C’est pourquoi une Stratégie Régionale de l’Innovation doit s’imposer aux Antilles comme cela se passe déjà à l’île de La Réunion (SRI- S3). Cette stratégie mise en place dans l’île de la réunion est déjà opératoire. Cette SRI vise à structurer le territoire et à améliorer « la machine régionale à innover » pour atteindre une nouvelle étape de développement. L’objectif est de créer un environnement qui dynamise le processus d’innovation à La Réunion. Cette stratégie pourrait bien se révéler payante aussi pour la Martinique et la Guadeloupe  .

Le politique peut-il limiter la casse sociale à venir avec la crise du coronavirus puis de la destruction créatrice de l’intelligence artificielle et de la révolution numérique et relancer l’économie de la Martinique  sur des bases nouvelles alors que les caisses de l’État sont vides ?
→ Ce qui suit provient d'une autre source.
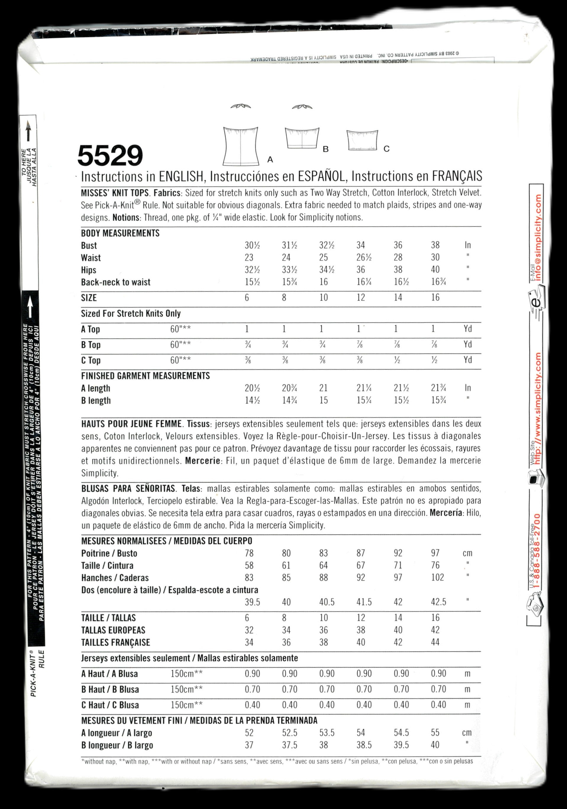 Simplicity 5529 Misses Knit Tops Sewing Pattern
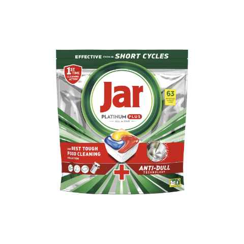 MOSOGATÓGÉP TABLETTA 63 DB/DOBOZ JAR PLATINUM PLUS LEMON A Jar Platinum Plus all-in-one mosogatókapszula a megújulás erejével tisztítja meg az edényeket, és a Jar makacs ételszennyeződések elleni legkiválóbb megoldását nyújtja. Még az idővel képződött
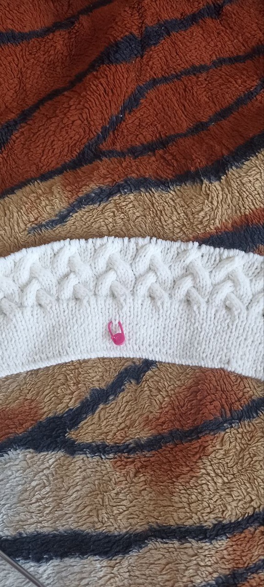 Отвязано всего два рапорта. «Говорят, что белый цвет в вязании — самый капризный, но посмотрите, как роскошно на нем смотрятся косы! ✨ Сегодня делюсь своими продвижениями по свитеру. Работа идет не так быстро, как хотелось бы, но каждый ряд — это чистое удовольствие. Узор с переплетениями получается очень объемным и "сочным". Для меня вязание из светлой пряжи — это всегда про какую-то особенную аккуратность и медитацию. #вязание #рукоделие #вязаниеспицами #своимируками #хобби.
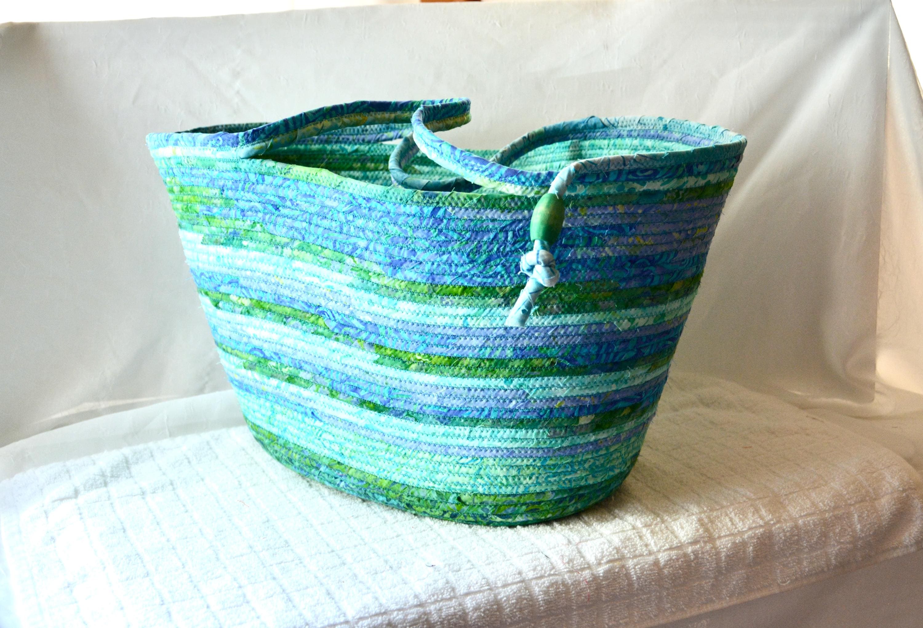 I hand wrapped these wonderful batik fabrics around cotton line, which I then hand coiled and machine quilted to make it sturdy. I used the raw edge technique with some fray to add texture. All of these lovely batik fabrics are high quality and 100% cotton and all show on the inside of this gorgeous basket too! I used over 7 different batik fabrics to create this unique pattern. Please see the picture with the ruler to help gauge the basket size.

Avec la crise du Covid 19, le modèle social français se veut généreux avec un État omniprésent qui déverse des milliards pour endiguer la crise sanitaire et sauver les emplois.

 

Malheureusement, ce modèle social semblait déjà mal en point avant la crise actuelle du coronavirus. En effet, la mondialisation a mis en concurrence la société française avec des pays avec peu ou pas de protection des travailleurs. Les déficits commerciaux sont à mettre en parallèle avec les déficits publics.

 

Dans la mesure où le modèle social français n’arrive plus à se financer autrement qu’avec une augmentation des déficits et de la dette, sa viabilité est indéniablement remise en question. Ce système fonctionnait bien quand l’économie française connaissait un taux de croissance élevé. Ce système est censé nous protéger, mais pourtant, demain une fois la crise économique et sociale bien installée en France il sera un fardeau financier et le filet de protection deviendra un piège infernal pour les finances publiques déjà mis à mal depuis tantôt . Et surtout pour remettre de l’ordre dans le système, les Français et donc les Martiniquais et Guadeloupéens n’échapperont pas dans les années qui viennent à une cure d'austérité. N’en doutons pas !

Je suis assez pessimiste quand à un rebond de l’économie française. Toute cette chienlit de déficits et de dettes en France finira par détruire le tissu économique et social de la France avec toutes les conséquences que l’on peut déjà imaginer à l’avenir pour la Martinique . 

Le risque avec le plan de relance de la CTM, c’est qu’on ait surtout un plan de bonne conscience pour essayer de masquer les conséquences de la crise de la covid 19. L'échec risque d'être au bout avec la stratégie de réduction des déficits à tout prix, qui redeviendra bientôt la priorité du gouvernement .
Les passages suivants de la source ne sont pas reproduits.